The Senate passed the bill 65-33 on Friday, shortly after a 316-113 House vote. The legislation, which will finance the government through September 2016, goes to President Barack Obama, who plans to sign it.
“Let’s take steps — as the legislation we’ll consider proposed — to support more jobs, more opportunity, and more economic growth,” Senate Majority Leader Mitch McConnell, a Kentucky Republican, said on the Senate floor. “I think it’s legislation worth supporting.”
The end of the 40-year ban on most U.S. crude oil exports is a “big win,” according to House Speaker Paul Ryan, and it’s a top priority for Republicans. Democrats call it a giveaway to oil companies, and in exchange they negotiated extensions of environmental measures including solar and wind energy tax credits.
The two measures, combined in H.R. 2029, include about $680 billion in revived tax breaks over the next 10 years. A number of them would be made permanent, including those for business research and development, small business expenses, individual deductions for state and local sales taxes, and financing rules for multinational corporations.
The research tax break will be “a booster shot for the innovation economy in America,” said Senator Ron Wyden of Oregon, the top Democrat on the Finance Committee. Nonetheless, he voted against the bill because he said it contained “unacceptable” provisions weakening oversight of government surveillance.
Republicans and Democrats in Congress have fought over taxing and spending for years, causing a 16-day partial government shutdown in 2013 and twice bringing the U.S. to the brink of a default on the federal debt. Public opinion polls blamed Republicans for the turmoil, and the party under Ryan — elected Oct. 29 to replace John Boehner — wants to avoid a repeat with the 2016 presidential election approaching, to show that Republicans can govern.
The outcome of the House vote on the spending measure was not without drama. Even though Minority Leader Nancy Pelosi backed the plan and urged fellow Democrats to vote for it, she had said Thursday she wasn’t confident her party could deliver enough votes to help Ryan get it passed. A number of conservative members of the Republican majority opposed the measure because they said it spends too much money.

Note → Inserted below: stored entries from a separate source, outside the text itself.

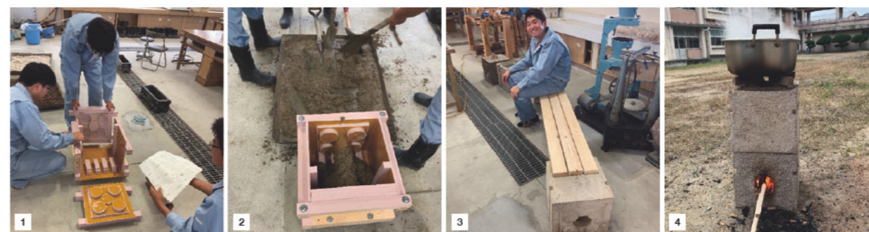
■1：設計を行い、その図面を確認しながら製作した型枠を組み立てる。■2：軽量コンクリートの最適な配合割合を算出し、それに基づいたコンクリートを練り、型枠へ打設。■3：完成したロケットストーブ。

具体的には同校の建築コースが耐火性能・断熱性能を向上させた軽量コンクリートを用いて、日常時はベンチとして使用し、緊急時にはロケットストーブとして活用できるベンチ型ロケットストーブを設計・製作した。また避難場所への設置も行った。避難場所への普及が進むように、一品物を生産するのではなく、量産化や製品化が考慮された。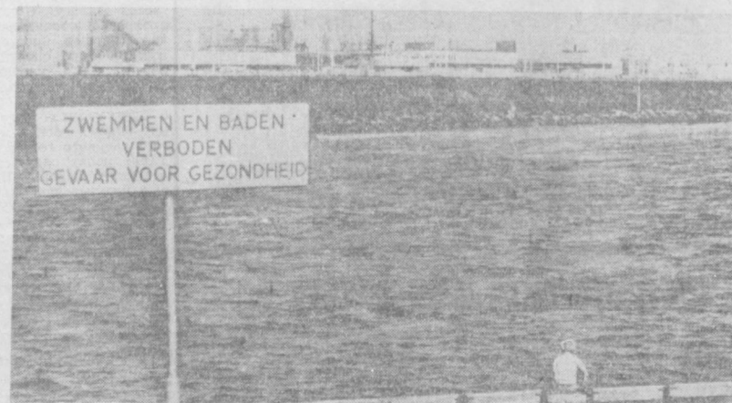
НИДЕРЛАНДЫ. Местные власти, общественность, специалисты обеспокоены загрязнением воздуха и воды в стране. Особенно серьезное положение складывается в ее западной части, где сконцентрировано большое число химических и других промышленных предприятий. НА СНИМКЕ: планат на берегу канала предостерегает о том, что купание опасно для здоровья. Фото АНФО—ТАСС.

на территории между домами №№ 24, 29, 30 и 34 кучи мусора. В газете «Вечерний Ташкент» № 8 неоднократно обращались в Чилинзарскую санэпидстанцию. Однако там не принимают мер к устранению очагов антисанитарии. Как видит читатель, сигнал был очень своевременным. Но работники санэпидстанции никаких мер к устранению недостатков не приняли. Ко всему этому здесь добавились ямы, вырытые работниками телефонной станции. Территория около гаража платной стоянки личных автомашин завалена как и прежде строительным материалом, мусором.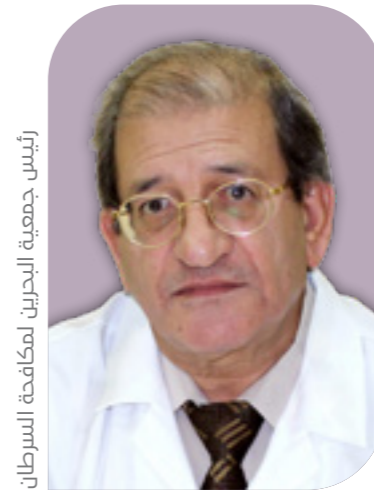
رئيس جمعية البحرين لمكافحة السرطان

ومن هنا يمكن القول إن هذه العوامل ممكن تجنبها لحياة أفضل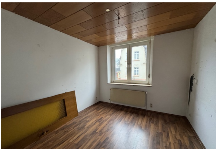
Wohnraum Appartement EG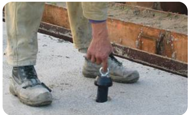
Na uitharding van het beton is de sparingplug met één vinger te verwijderen

“It is going to bust the deficit. We are not doing anything for yet another year to take the debt burden off our kids and grandkids,” Republican Representative John Fleming of Louisiana said Thursday.
Senators voting for the bill include 27 Republicans, 37 Democrats and one independent, while 26 Republicans, six Democrats and one independent opposed it.
Voting for the bill in the House were 150 Republicans and 166 Democrats, while 95 Republicans and 18 Democrats opposed it. Ryan relied on Democratic votes to help pass the measure as Boehner often had to do. The former speaker’s decision to turn to Democrats for votes was a major complaint of the Republican insurgents who ousted him.
Still, Ryan got support from more than the 79 Republicans who voted for a two-year budget plan the day before he became speaker. Ryan has emphasized this week that the spending bill is the product of a process he inherited from Boehner and that he’ll pursue a different strategy next year.
“They had to put big oil in the omnibus” to get the spending measure passed, Pelosi told reporters Friday before the vote. Democrats had wanted the oil provisions to be added to the tax proposal instead.
Conservatives were unhappy when the final version omitted some policy provisions they wanted, including defunding Planned Parenthood and blocking Syrian refugees from entering the U.S.
Senator Ted Cruz of Texas, a Republican presidential contender, criticized Republican leaders in an opinion article in Politico that said the bill “effectively forfeits our massive Republican victories of 2014 and cements Obama’s priorities for nearly the full remainder of his term.”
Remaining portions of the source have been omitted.